▶ **Source material**:
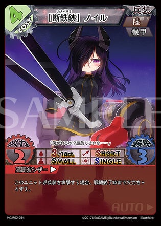 2017/09/26 19:363枚目です!USAGAMEのひろです~! 今回は「[断鉄鋏]ノイル」のご紹介です! この兵装にはHAGMI!シリーズおなじみの、ペンタードのノイルちゃんが搭乗してますね。 火力対燃費の効率は非常に悪いですが、スキル「高周波シザー」の効果で、兵装を攻撃する際のみ火力が+4されます! 装甲改修などで固められたユニットや、燃料切れのユニットを始末するのにぴったりな能力ですね。 ただし、射程は短く装甲も高いとはいえないので、扱いには注意が必要かもしれません。 収録されている「AdvancedCombat」には射程がSHORTのカードしか含まれていませんので、単体セットで遊ぶ際は大活躍してくれるでしょう! イラストは僕です! それでは、HAGMI!02よろしくお願いします~! ひろ もっと見る
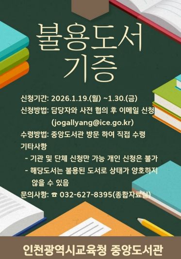 【뉴스라이트 = 이세현 기자】 인천광역시교육청중앙도서관은 지역사회 내 도서 나눔 문화를 확산하고 지식 자원의 선순환을 실천하기 위해 ‘불용도서 기관 나눔’ 사업을 운영한다.
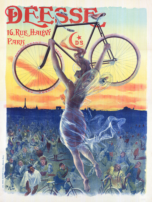 Paper: White borders. Premium matte, 200 gsm (80 lb). Image dimensions may not match paper. Printed image sizes below for Déesse Bicycle Poster.
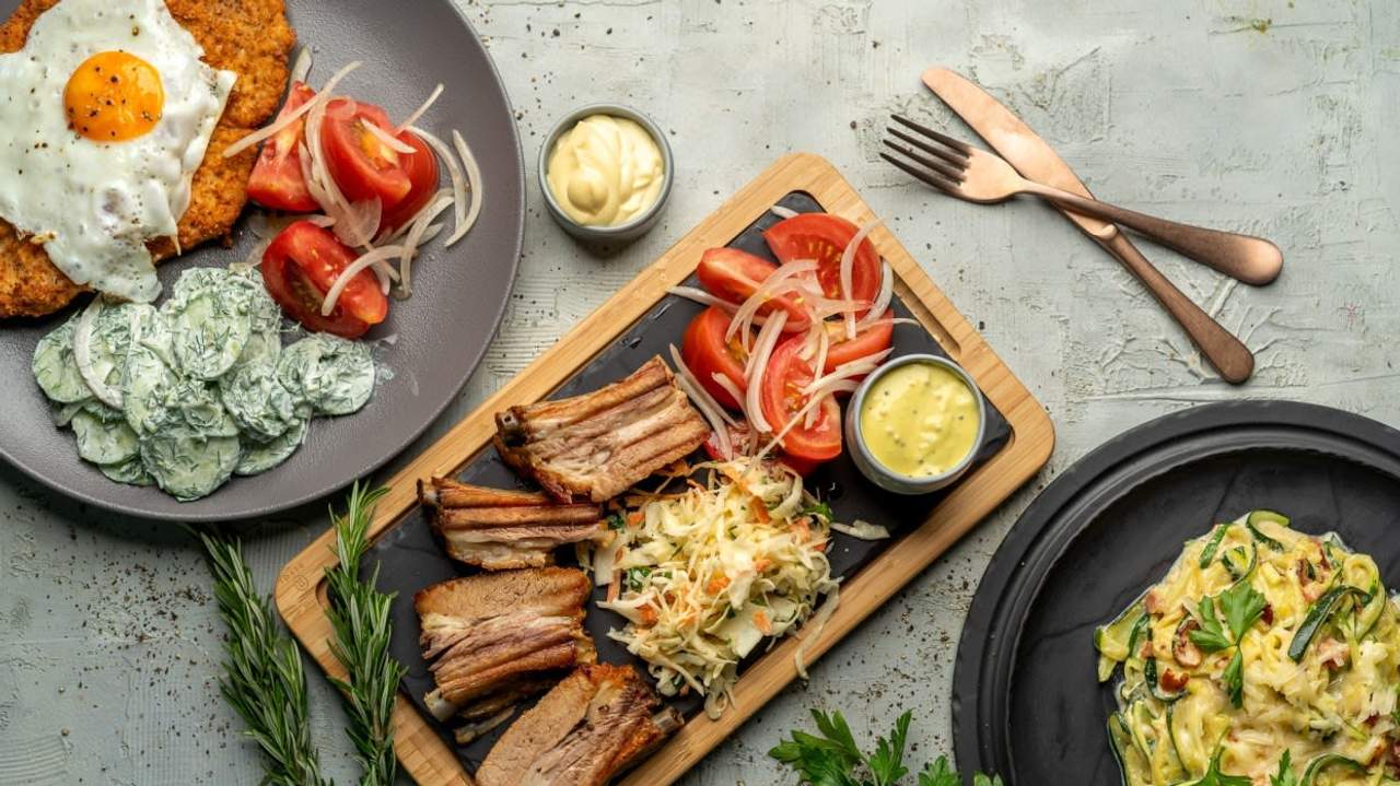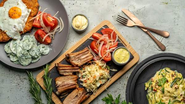 Keto schabowy, który naprawdę syci : 2 kotlety po 120 g, jajko sadzone, palony kalafior, sos serowy, mizeria. B86,8 T46,6 W17,9 Kcal.877,3 Lubi się z KETO Zupą Ogórkową. Cena zawiera koszt opakowana.
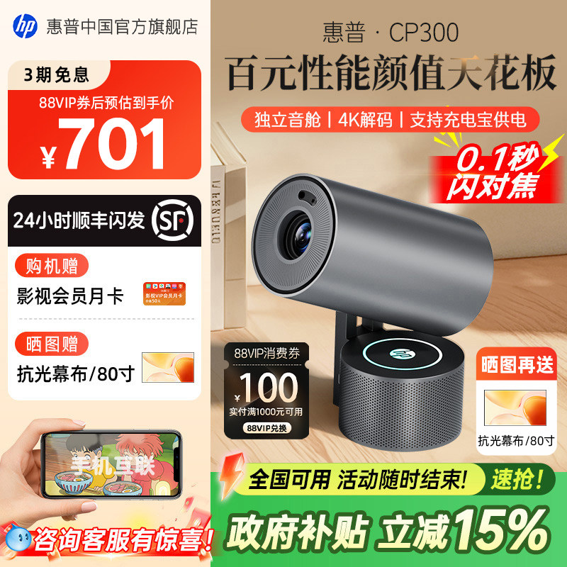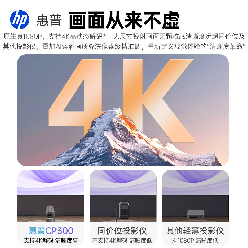 【全国政府补贴立减15%】HP惠普CP300投影仪无需幕布家用超高清家庭卧室投墙可连手机投屏器小型投影机宿舍
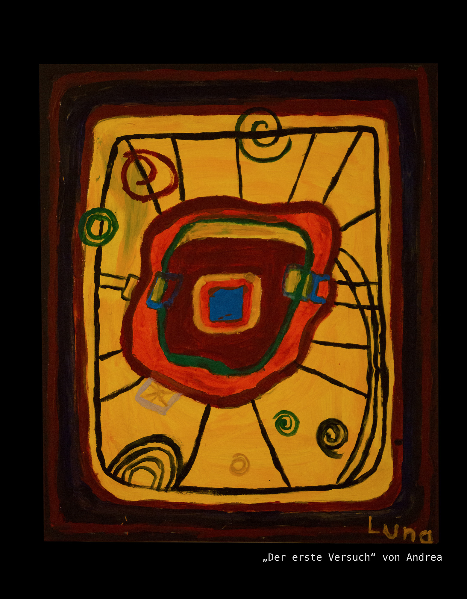Dabei haben die Kinder schnell festgestellt, dass Hundertwasser viele Kringel und in Schneckenform malt und dass er oft farbige Flächen mit schwarz absetzt, um die Leuchtkraft seiner Farben zu verstärken.
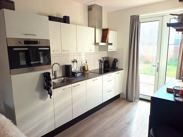 - Luxe keuken met Grohe-mengkraan, inductiekookplaat, vaatwasser, koelkast met vriesvak, combimagnetron en RVS schouwkap
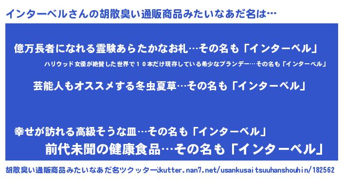 | ヘコむあだ名 | 『インっふぃ~』『インターベル(遠い目)』 |
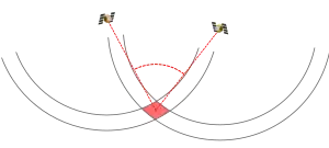 Je nach dem Winkel zwischen zwei Satelliten schneiden sich die Kugelflächen mehr oder weniger "schleifend". Je nach Genauigkeit der Zeit- bzw. Distanzmessung ergibt sich ein mehr oder weniger breiter "Ring" beim Schnitt der Kugelflächen, und damit eine entsprechend größere oder kleinere Fläche, in der sich der Standort befindet:
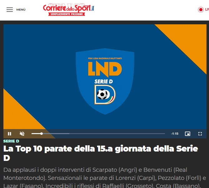Da applausi i doppi interventi di Scarpato (Angri) e Benvenuti (Real Monterotondo). Sensazionali le parate di Lorenzi (Carpi), Pezzolato (Forlì) e Lazar (Fasano). Incredibili i riflessi di Raffaelli (Grosseto), Costa (Bassano), Barberini (Sangiovannese), Valentini (Pistoiese) e Uva (Borgosesia).

▶ **Work instructions**:
The pictures in the listing above are to be dropped, and everything else reproduced exactly.

▶ **Expected answer**:
 2017/09/26 19:363枚目です!USAGAMEのひろです~! 今回は「[断鉄鋏]ノイル」のご紹介です! この兵装にはHAGMI!シリーズおなじみの、ペンタードのノイルちゃんが搭乗してますね。 火力対燃費の効率は非常に悪いですが、スキル「高周波シザー」の効果で、兵装を攻撃する際のみ火力が+4されます! 装甲改修などで固められたユニットや、燃料切れのユニットを始末するのにぴったりな能力ですね。 ただし、射程は短く装甲も高いとはいえないので、扱いには注意が必要かもしれません。 収録されている「AdvancedCombat」には射程がSHORTのカードしか含まれていませんので、単体セットで遊ぶ際は大活躍してくれるでしょう! イラストは僕です! それでは、HAGMI!02よろしくお願いします~! ひろ もっと見る
 【뉴스라이트 = 이세현 기자】 인천광역시교육청중앙도서관은 지역사회 내 도서 나눔 문화를 확산하고 지식 자원의 선순환을 실천하기 위해 ‘불용도서 기관 나눔’ 사업을 운영한다.
 Paper: White borders. Premium matte, 200 gsm (80 lb). Image dimensions may not match paper. Printed image sizes below for Déesse Bicycle Poster.
 Keto schabowy, który naprawdę syci : 2 kotlety po 120 g, jajko sadzone, palony kalafior, sos serowy, mizeria. B86,8 T46,6 W17,9 Kcal.877,3 Lubi się z KETO Zupą Ogórkową. Cena zawiera koszt opakowana.
 【全国政府补贴立减15%】HP惠普CP300投影仪无需幕布家用超高清家庭卧室投墙可连手机投屏器小型投影机宿舍
Dabei haben die Kinder schnell festgestellt, dass Hundertwasser viele Kringel und in Schneckenform malt und dass er oft farbige Flächen mit schwarz absetzt, um die Leuchtkraft seiner Farben zu verstärken.
 - Luxe keuken met Grohe-mengkraan, inductiekookplaat, vaatwasser, koelkast met vriesvak, combimagnetron en RVS schouwkap
 | ヘコむあだ名 | 『インっふぃ~』『インターベル(遠い目)』 |
 Je nach dem Winkel zwischen zwei Satelliten schneiden sich die Kugelflächen mehr oder weniger "schleifend". Je nach Genauigkeit der Zeit- bzw. Distanzmessung ergibt sich ein mehr oder weniger breiter "Ring" beim Schnitt der Kugelflächen, und damit eine entsprechend größere oder kleinere Fläche, in der sich der Standort befindet:
Da applausi i doppi interventi di Scarpato (Angri) e Benvenuti (Real Monterotondo). Sensazionali le parate di Lorenzi (Carpi), Pezzolato (Forlì) e Lazar (Fasano). Incredibili i riflessi di Raffaelli (Grosseto), Costa (Bassano), Barberini (Sangiovannese), Valentini (Pistoiese) e Uva (Borgosesia).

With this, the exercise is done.